Eppure qualche motivo per mettersi serenamente in cammino alle biancorosse davvero non manca: e
se il rientro di Santarelli, di ora in ora, si fa sempre più probabile, quello di Stoppa, salutato già con
Villafranca, offrirà maggiori garanzie alle voci minutaggio e condizione fisica. Coach Jonata Chimenti,
poi, può a buon diritto fregarsi le mani per la ritrovata - o scoperta? - vena realizzativa di Monaco (10
nel 3° periodo del derby) e per la crescita di Federica Destro, ancora lungi dall'essere un playmaker
con la P maiuscola ma ben avviata a costruirsi una dimensione in un ruolo che, oggi, richiede anche la
capacità, a lei propria, di fare canestro. Mancata l'occasione con Villafranca, un successo con l'Itas
Alperia potrebbe proiettare Vicenza all'aggancio con Milano - alle prese con il capolista Geas e,
ovviamente, se Sesto dovesse espugnare il PalaGiordani - e al virtuale sorpasso grazie al favorevole
quoziente canestri.
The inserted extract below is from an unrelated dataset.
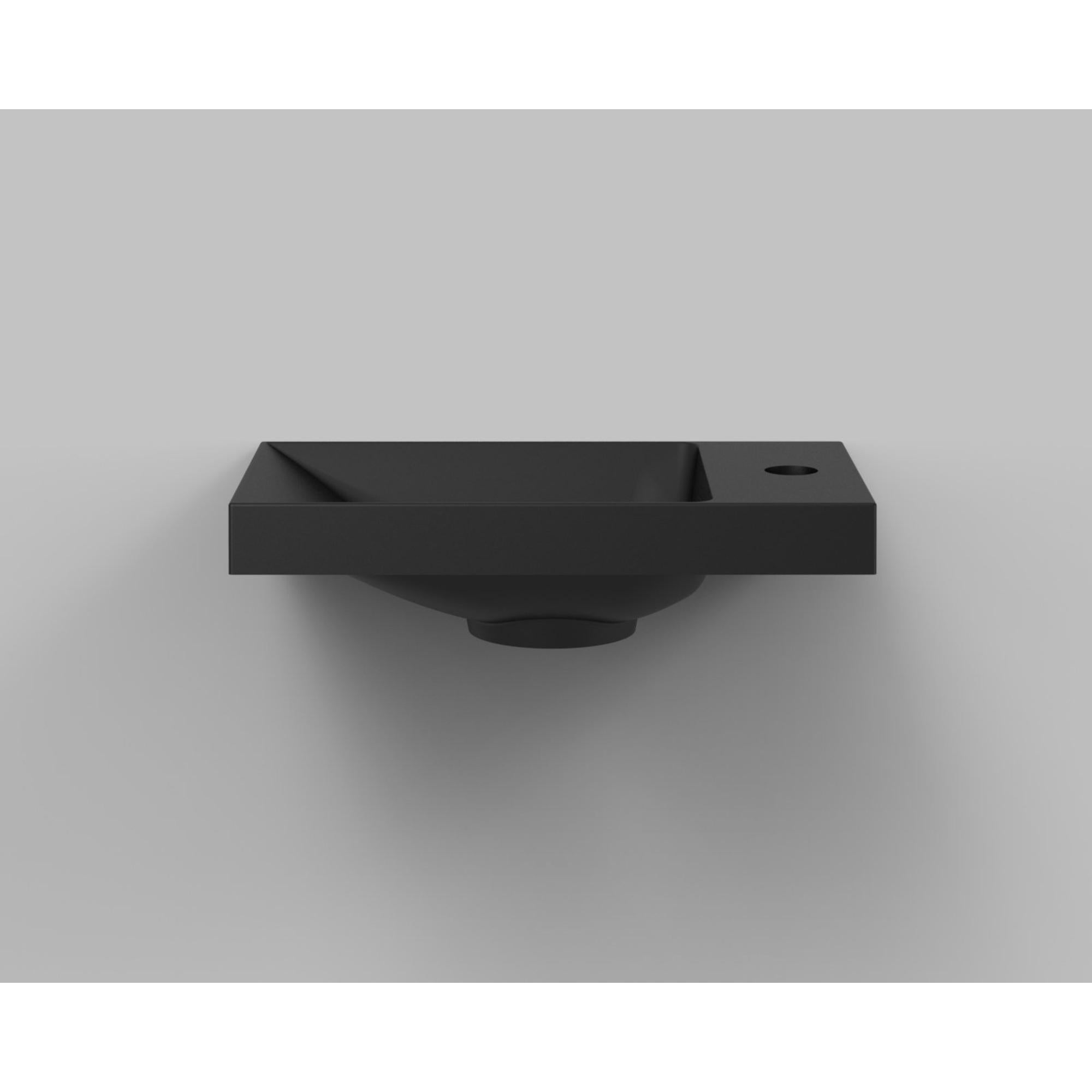 Arqua Marble fontein 40x22 mat zwart cast marble zonder overloop. 1 kraangat, links en rechts toepasbaar.

Per Crema, di scena in casa con Pordenone, ci sarà comunque da aspettare
magari fino a Mercoledì 4 Aprile, data designata per lo scontro diretto. VelcoFin, inoltre, potrebbe anche
tenere a distanza di sicurezza, in ottica play-off, Marghera e Udine, entrambe sul gradino n. 22, con le
lagunari (0-1 vs Vicenza) in trasferta a Costa e le friulane (1-0 con le beriche) impegnate al Carnera
con S. Martino.
Ital Alperia e VelcoFin saranno in campo domani, Sabato 10 Marzo, alle 20.30 nel Palasport altoatesino
intitolato all'indimenticabile Paola Mazzali: arbitri Andrea Zancolò di Casarsa della Delizia (PN) e
Nicholas Pellicani di Ronchi dei Legionari (UD).